1 Introduction
The Human Predicament in John’s Gospel: Assessing the Claims of Scholarship
What may be termed the “plight” or “predicament” of human beings in the Gospel of John is an issue that is frequently acknowledged and broached in Johannine scholarship, especially in literature devoted to John’s soteriology, anthropology, and theology.1 Perhaps as a consequence, there is some variation within scholarship in how this predicament is described. Rudolph Bultmann speaks of the human predicament in John’s Gospel as “existence in bondage” to the collective power of sin, the devil, and death, which holds sway over the kosmos as “the world of man.”2 Bultmann frequently describes this existence in bondage as “blindness.”3 Cornelis Bennema speaks of the human predicament in John’s Gospel as a “spiritual oppression” that is caused by the devil, sin, and death, and that manifests itself in various physical, social, and religious ways.4 Craig Koester summarizes the plight in John’s Gospel as “separation from God” (which is caused by sin and death as well as by human limitations).5
Interestingly, in some studies that focus specifically on John’s soteriology it is difficult to determine how the human predicament should be understood, because here discussions devoted to the topic are lacking and descriptions are peripheral to other concerns.6 In certain treatments of John’s soteriology the nature of the plight receives no attention at all and, thus, seems to be assumed.7 It is the case more generally that John’s portrayal of the human predicament, or at least such aspects of it as “sin” and “death,” does garner some amount of attention from those variously interested in John’s soteriology, anthropology, and theology, although a full description of the plight and its various aspects is often lacking.8 For many interpreters, the paramount importance of “revelation” presumed for John’s soteriology seems to dictate the way in which John’s portrayal of the human predicament is conceived and explained.9 This observation will now be discussed more fully.
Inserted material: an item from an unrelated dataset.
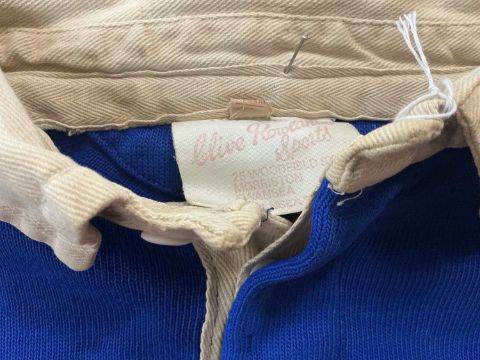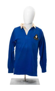 RUGBY UNION CLUB HOUSE: SOUTH WALES POLICE RFC JERSEY, blue jersey with white collar, applied patch motif with a crown over Prince of Wales feathers, with initials S.W.P.R.F.C., white patch with black no. 11 to the rear, elasticated cuffs, maker's mark to the inner white collar of 'Clive Rowlands Sports, 25 Woodfield Street, Morriston, Swansea'Provenance: South Wales Police RFC collection (raising funds for the club to attend The World Police & Fire Games in 2027)Comments: good, some light sun staining to chest, please see images
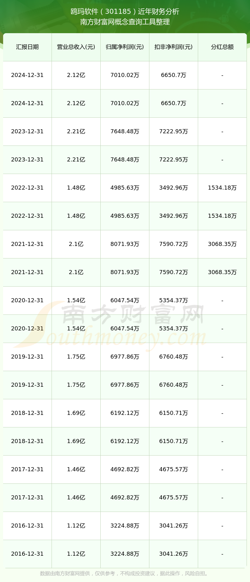 近年鷗瑪軟件分紅派息情況如下表所示:

Notwithstanding the variation just noted in how scholarship describes the human predicament in John’s Gospel, there is consensus that, for John, “sin” and “death” largely define this predicament. Sin and death collectively represent the crux of the matter. A common assertion (or in some cases assumption) in scholarship, though, is that sin in the Fourth Gospel amounts to “unbelief.”10 This idea seems to take shape in one of two ways: (1) “sin” in John’s Gospel is deemed not to be a moral or ethical category; or (2) “sin” in John’s Gospel is deemed to be the source and cause of immoral behavior, and it is rectified when one “believes” in response to divine revelation. In each case, the interpretation of sin informs and is informed by the interpretation of such matters as “ignorance” and “knowledge” of God, “darkness” and “light,” as well as “death” and “life,” since such matters directly or indirectly relate to sin in John’s Gospel. Consequently, in each case the interpretation of sin and the human predicament more broadly shapes as well as reflects a certain reading of John’s soteriology and theology as a whole.
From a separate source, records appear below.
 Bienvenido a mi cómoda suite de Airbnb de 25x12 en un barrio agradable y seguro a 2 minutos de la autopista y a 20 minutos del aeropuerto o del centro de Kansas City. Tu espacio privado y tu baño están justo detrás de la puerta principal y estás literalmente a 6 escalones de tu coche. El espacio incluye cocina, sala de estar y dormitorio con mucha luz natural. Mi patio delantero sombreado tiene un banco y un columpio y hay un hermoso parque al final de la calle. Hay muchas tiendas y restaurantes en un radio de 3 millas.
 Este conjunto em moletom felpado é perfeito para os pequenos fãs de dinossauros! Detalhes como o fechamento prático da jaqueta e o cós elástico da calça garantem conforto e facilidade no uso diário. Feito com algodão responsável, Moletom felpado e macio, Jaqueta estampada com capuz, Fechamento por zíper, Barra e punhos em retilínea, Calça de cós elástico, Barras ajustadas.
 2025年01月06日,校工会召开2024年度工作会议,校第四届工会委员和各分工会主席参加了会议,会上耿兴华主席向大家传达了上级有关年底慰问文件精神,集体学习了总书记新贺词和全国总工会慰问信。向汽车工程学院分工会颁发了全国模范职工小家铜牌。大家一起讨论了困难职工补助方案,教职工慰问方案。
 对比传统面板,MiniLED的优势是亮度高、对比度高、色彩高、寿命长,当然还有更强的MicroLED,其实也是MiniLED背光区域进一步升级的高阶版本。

An example of the first line of interpretation, which finds “sin” to lack moral and ethical significance for John, is the study of Rainer Metzner: Das Verständnis der Sünde im Johannesevangelium. Metzner finds that “sin” is for John “neither a nomistic nor a moral category. It does not adequately allow itself to be comprehended as the violation of a generally accepted human value-system.”11 For Metzner, the Christological determination of “sin” in John’s Gospel, in conjunction with the Johannine lawsuit motif, indicates that sin should be understood “trans-morally” and in accordance with John’s theology of revelation: sin is “an expression of a fundamental blindness and hostility of the world to the will of God coming to bear in the Revealer. … Sin is the one denial of the world to the messenger of God, manifested in its opposition to the revelation of God.”12 In finding “sin” to lack moral or ethical significance for John, because it designates “unbelief,” Metzner follows interpreters such as E. F. Scott,13 Thomas Knöppler,14 and Alois Stimpfle.15 Christina Urban apparently agrees.16 So do Udo Schnelle17 and Michael Theobald.18 Michael Labahn considers how John’s respective delineations of “sin” and “law” may contribute to Johannine ethics and, on the basis of previous research, concludes the same: “aside from a few exceptions in 1 John, ‘law’ and ‘sin’ do not appear to function as moral categories in the Johannine writings.”19
This line of interpretation has major implications for John’s soteriology and theology. If sin is found not to be a moral or ethical category for John and, thereby, not to signify immoral actions and wayward behavior, then human behavior becomes irrelevant to the human predicament and, also, to its solution. What people do becomes insignificant in John’s view of things.20 It would seem to follow that human corporeality or embodiment is of no consequence for John.21 Jesus, according to John, has come to save human beings from “sin,” but sin understood not as immoral actions and conduct but as a lack of mental perception, as “spiritual blindness.” Those who reject Jesus and his revelation continue in their faulty perception, which may now be described as “unbelief,” while those who believe in Jesus are liberated from their ignorance and, thus, saved. Salvation is essentially (or perhaps entirely) “realized” in the emergence of belief.22 The preponderance of this line of interpretation becomes all the more evident when one observes that, within scholarship, immoral behavior is seldom identified and emphasized as a key component of the human predicament in John’s Gospel.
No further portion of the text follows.